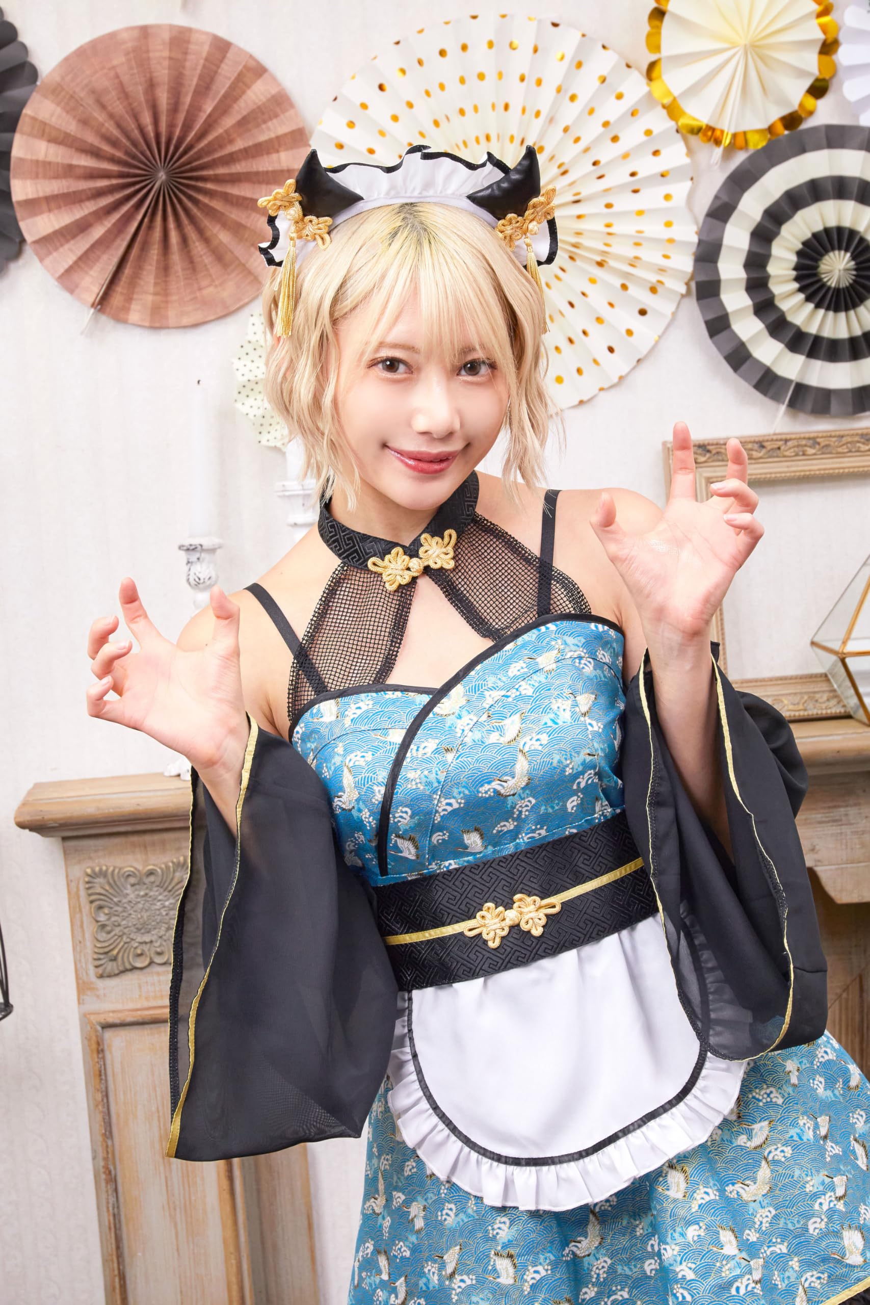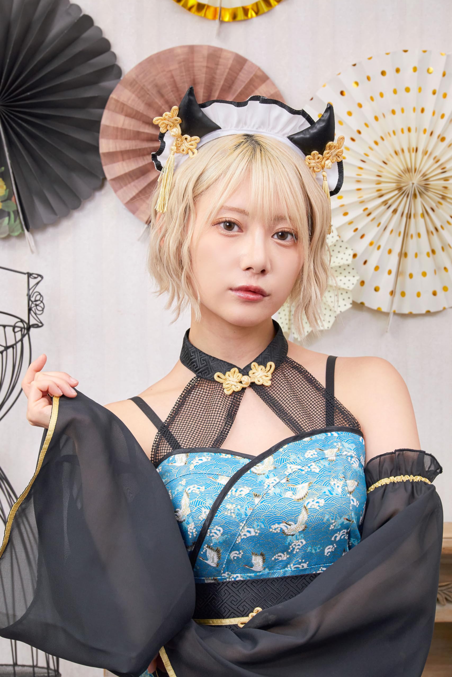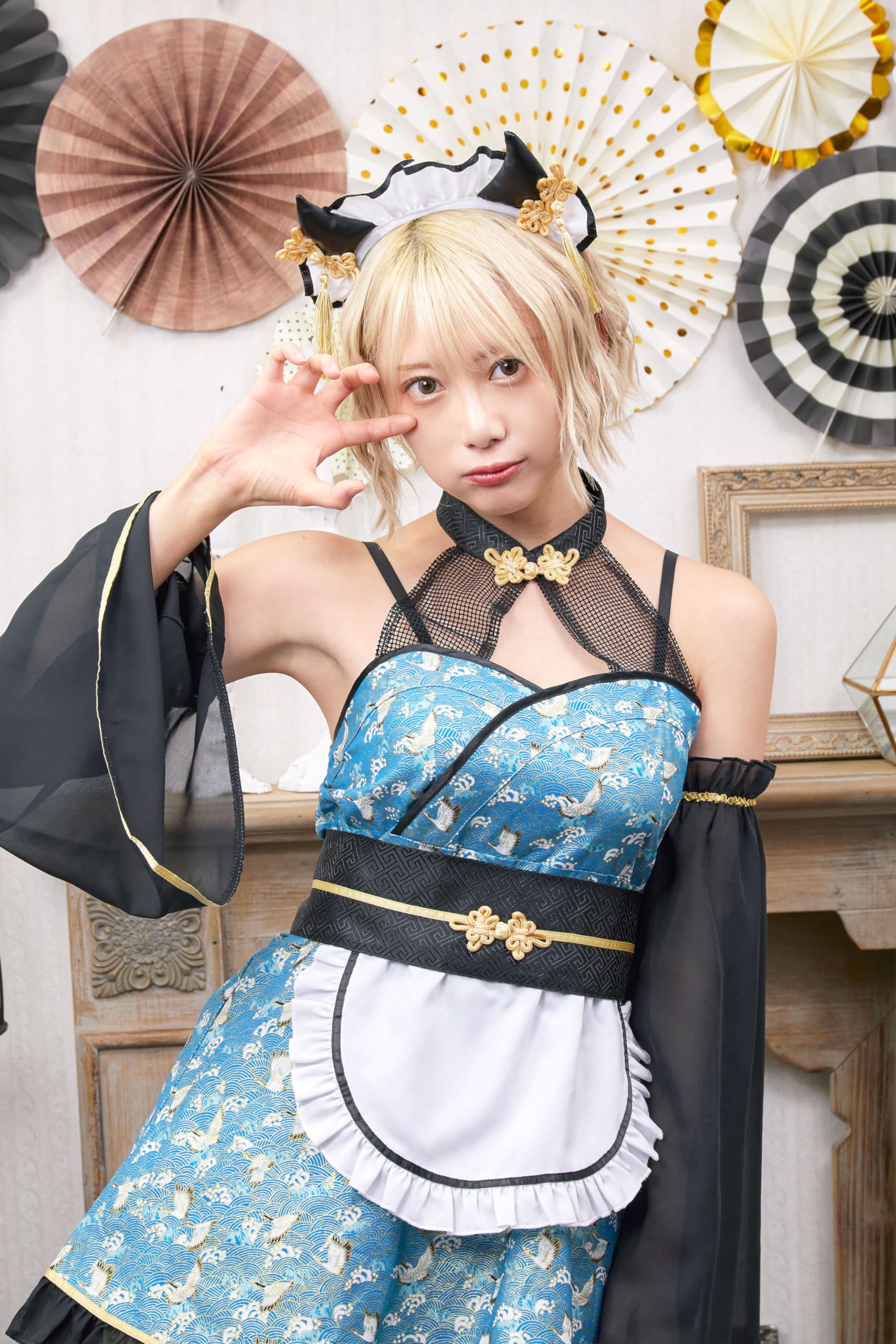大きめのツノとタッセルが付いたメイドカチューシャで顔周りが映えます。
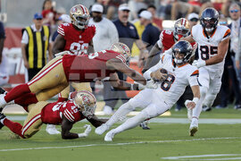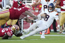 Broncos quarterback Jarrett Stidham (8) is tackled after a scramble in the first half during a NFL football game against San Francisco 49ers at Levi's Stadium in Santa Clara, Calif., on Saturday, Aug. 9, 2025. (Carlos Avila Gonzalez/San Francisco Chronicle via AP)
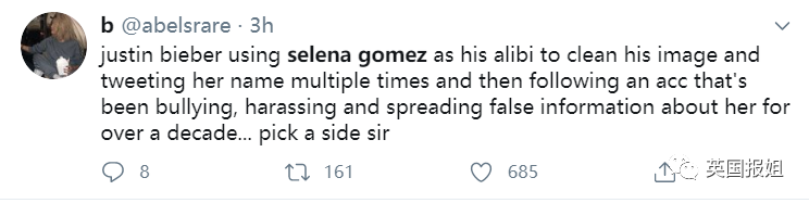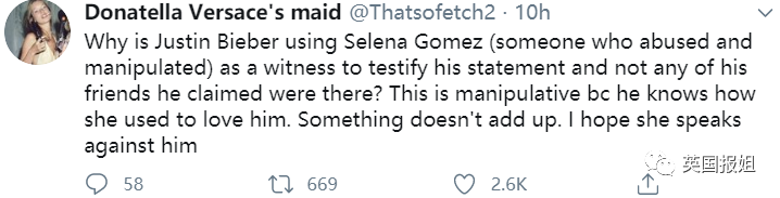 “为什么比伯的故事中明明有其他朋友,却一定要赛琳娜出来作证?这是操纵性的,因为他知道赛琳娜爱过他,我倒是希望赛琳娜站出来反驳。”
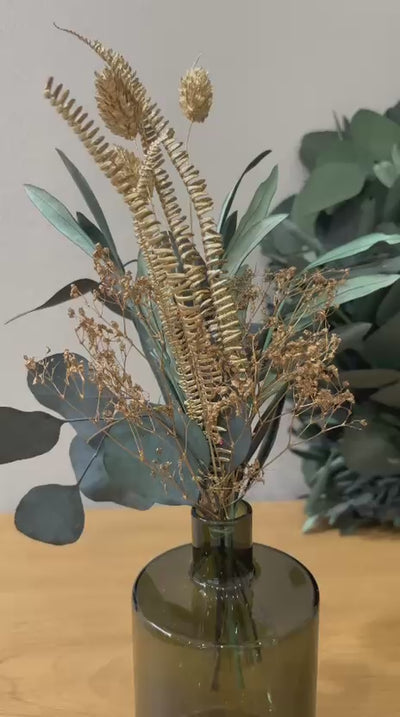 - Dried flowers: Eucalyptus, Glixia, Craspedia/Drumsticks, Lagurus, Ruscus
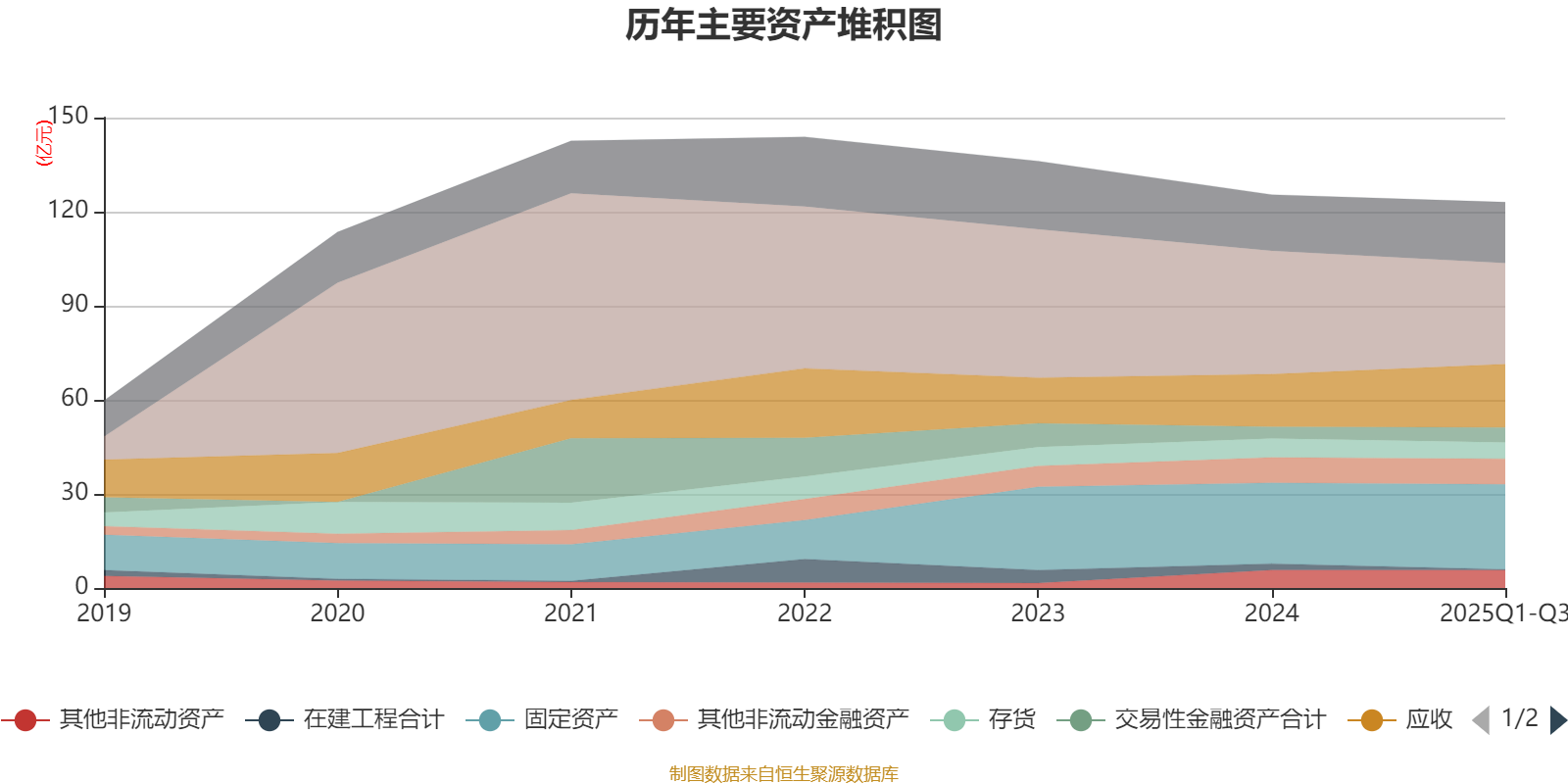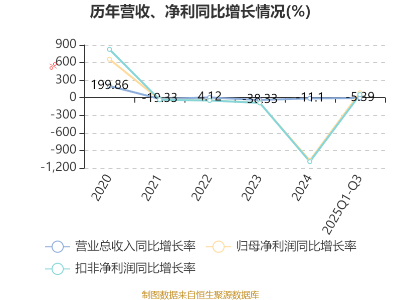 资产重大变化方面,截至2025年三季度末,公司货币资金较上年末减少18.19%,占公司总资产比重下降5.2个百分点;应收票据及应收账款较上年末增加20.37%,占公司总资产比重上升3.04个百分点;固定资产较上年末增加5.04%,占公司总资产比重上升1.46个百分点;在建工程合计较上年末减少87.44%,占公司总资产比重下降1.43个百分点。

============

» **Exercise instructions**:
Restate each line of the records exactly; pictures do not belong in the copy.

» **Written solution**:
大きめのツノとタッセルが付いたメイドカチューシャで顔周りが映えます。
 Broncos quarterback Jarrett Stidham (8) is tackled after a scramble in the first half during a NFL football game against San Francisco 49ers at Levi's Stadium in Santa Clara, Calif., on Saturday, Aug. 9, 2025. (Carlos Avila Gonzalez/San Francisco Chronicle via AP)
 “为什么比伯的故事中明明有其他朋友,却一定要赛琳娜出来作证?这是操纵性的,因为他知道赛琳娜爱过他,我倒是希望赛琳娜站出来反驳。”
 - Dried flowers: Eucalyptus, Glixia, Craspedia/Drumsticks, Lagurus, Ruscus
 资产重大变化方面,截至2025年三季度末,公司货币资金较上年末减少18.19%,占公司总资产比重下降5.2个百分点;应收票据及应收账款较上年末增加20.37%,占公司总资产比重上升3.04个百分点;固定资产较上年末增加5.04%,占公司总资产比重上升1.46个百分点;在建工程合计较上年末减少87.44%,占公司总资产比重下降1.43个百分点。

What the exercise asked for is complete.